Ale w trzeciej partii po bełchatowskiej stronie siatki zrobiło się nerwowo, gdy po ataku Pawła Pietraszko goście prowadzili 17:14. PGE Skra dwa razy doprowadziła do remisu - po 18 i po 20 - ale w końcówce nie dała rady zatrzymać śląskiej drużyny. A seta zakończył autowy atak Srecko Lisinaca.
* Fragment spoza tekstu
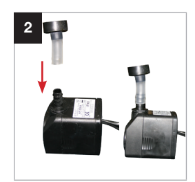
Connect the tubing to the outlet of the pump and place it in the water reservoir through the opening in the rear of the fountain.
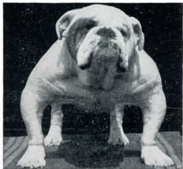
Champion Rodoco Stenter
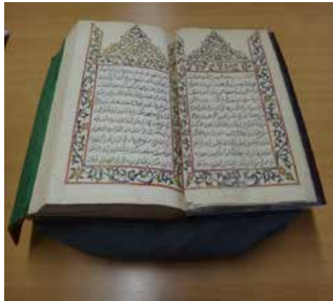
Figure 5 Hikayat Hang Tuah (SOAS MS 37075).
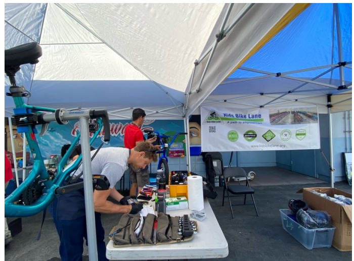
Repair clinic sponsored by the Hayward School district.
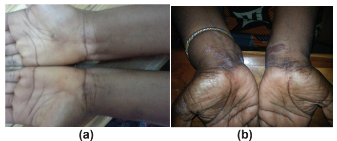
Figure 4: (a and b) Favorable operating scars on two patients one month of recoil before.

All parameters related to the intervention, including intraoperative incidents and immediate, sides and late postoperative complications were noted and studied.

Długo w czwartym secie nie było wiadomo, który zespół zwycięży, aż wreszcie bełchatowianie złamali opór rywali. Od stanu 17:17 podopieczni Blaina wygrali cztery kolejce akcje i zapewnili sobie bezpieczną przewagę. A awans do ćwierćfinału zapewnił im as serwisowy Karola Kłosa.

Mecz ćwierćfinałowy, w którym PGE Skra podejmie Espadon Szczecin, odbędzie się 11 stycznia. Szczecinianie niespodziewanie w meczu 1/8 finału pokonali w Lubinie Cuprum 3:2.

PGE Skra Bełchatów - GKS Katowice 3:1 (25:22, 25:19, 22:25, 25:19)
PGE Skra
: Uriarte 7, Winiarski 13, Lisinac 10, Wlazły 21, Penczew 9, Kłos 6, Milczarek (libero). Trener: Philippe Blain.
GKS: Falaschi 1, Sobański 3, Pietraszko 7, Van Walle 6, Błoński 8, Kalembka 9, Stańczak (libero) oraz Butryn 11, Fijałek, Kapelus 4, Stelmach. Trener: Piotr Gruszka.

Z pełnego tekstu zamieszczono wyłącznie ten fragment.